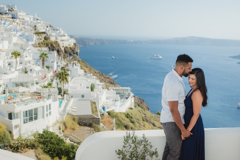 This couple wanted something special for their one year anniversary, and let me tell you – a trip to Santorini is probably one of the best choices for this. We were looking for some of the places that would help capture their tender love and eventually we ended up in the logical destination of Firostefani.
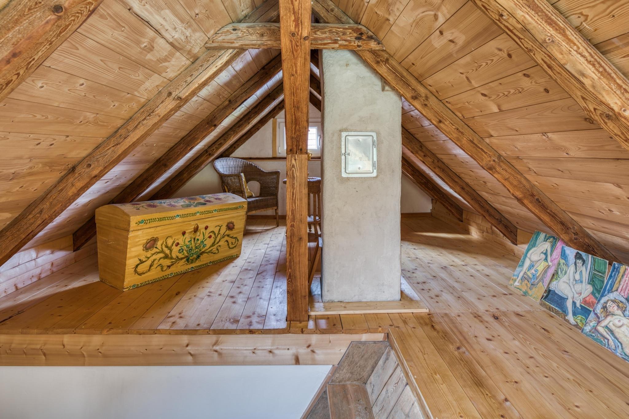 Bare 500 m fra sentrum av landsbyen og ved siden av skogsstier og en fredelig elv, tilbyr dette kompakte flerplanshjemmet i Wolfsberg koselig komfort for par, alenereisende eller små familier. Første etasje har et funksjonelt kjøkken med elektrisk komfyr, vannkoker, brødrister, mikrobølgeovn, kjøleskap og filterkaffemaskin, pluss en lys stue/spisestue med flatskjerm-satellitt-TV, radio og sittehjørne – perfekt for å slappe av etter en dag utendørs. Badet har dusj, toalett, servant og hårføner for din bekvemmelighet. Oppe på loftet venter et tettsittende køyeseng - flott for barn eller eventyrlystne gjester. Sentralvarme holder boligen varm gjennom kaldere måneder. Gå ut for å nyte den overbygde terrassen på 25 m² eller slapp av i den 1000 m² store inngjerdede hagen som deles med eieren, hvor hagemøbler, solsenger, en kullgrill og parasoll skaper en avslappet atmosfære. Det er også sykkelbod og parkering på stedet for ekstra enkelhet. Med tennisbaner, skogsstier, offentlig transport og et lokalt svømmebasseng innen 500 m - og innsjøen, ridning og golfmuligheter bare en kort kjøretur unna - utgjør denne eiendommen en problemfri base for å nyte Wolfsbergs naturrike omgivelser
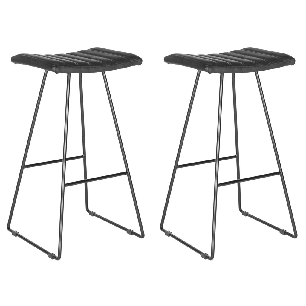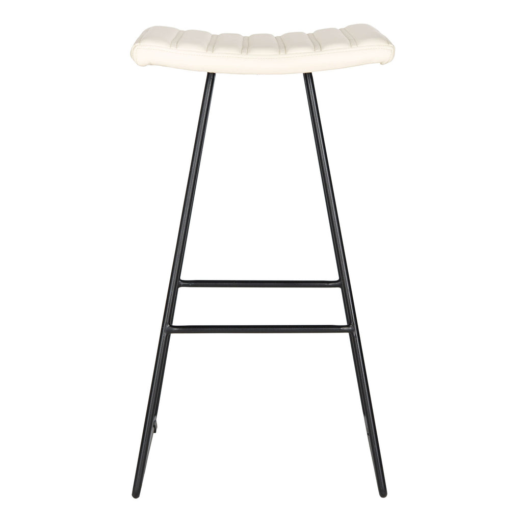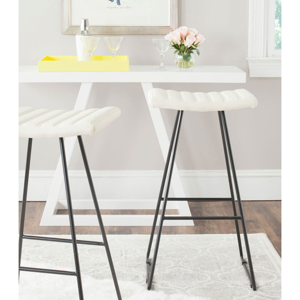 Raise the bar for style in the kitchen or family room with the airy look and clean silhouette of the this bar stool. A comfy channel-quilted seat of cream, black or gray PU leather rests atop a whisper thin A-line frame of iron supported by sturdy crossbars. Sold as set of 2.

────────

Exercise instructions: Your output should be the lines from the one with "Bare 500 m fra" through the end of the listing, copied exactly and with the pictures left out.

Exercise output:
 Bare 500 m fra sentrum av landsbyen og ved siden av skogsstier og en fredelig elv, tilbyr dette kompakte flerplanshjemmet i Wolfsberg koselig komfort for par, alenereisende eller små familier. Første etasje har et funksjonelt kjøkken med elektrisk komfyr, vannkoker, brødrister, mikrobølgeovn, kjøleskap og filterkaffemaskin, pluss en lys stue/spisestue med flatskjerm-satellitt-TV, radio og sittehjørne – perfekt for å slappe av etter en dag utendørs. Badet har dusj, toalett, servant og hårføner for din bekvemmelighet. Oppe på loftet venter et tettsittende køyeseng - flott for barn eller eventyrlystne gjester. Sentralvarme holder boligen varm gjennom kaldere måneder. Gå ut for å nyte den overbygde terrassen på 25 m² eller slapp av i den 1000 m² store inngjerdede hagen som deles med eieren, hvor hagemøbler, solsenger, en kullgrill og parasoll skaper en avslappet atmosfære. Det er også sykkelbod og parkering på stedet for ekstra enkelhet. Med tennisbaner, skogsstier, offentlig transport og et lokalt svømmebasseng innen 500 m - og innsjøen, ridning og golfmuligheter bare en kort kjøretur unna - utgjør denne eiendommen en problemfri base for å nyte Wolfsbergs naturrike omgivelser
 Raise the bar for style in the kitchen or family room with the airy look and clean silhouette of the this bar stool. A comfy channel-quilted seat of cream, black or gray PU leather rests atop a whisper thin A-line frame of iron supported by sturdy crossbars. Sold as set of 2.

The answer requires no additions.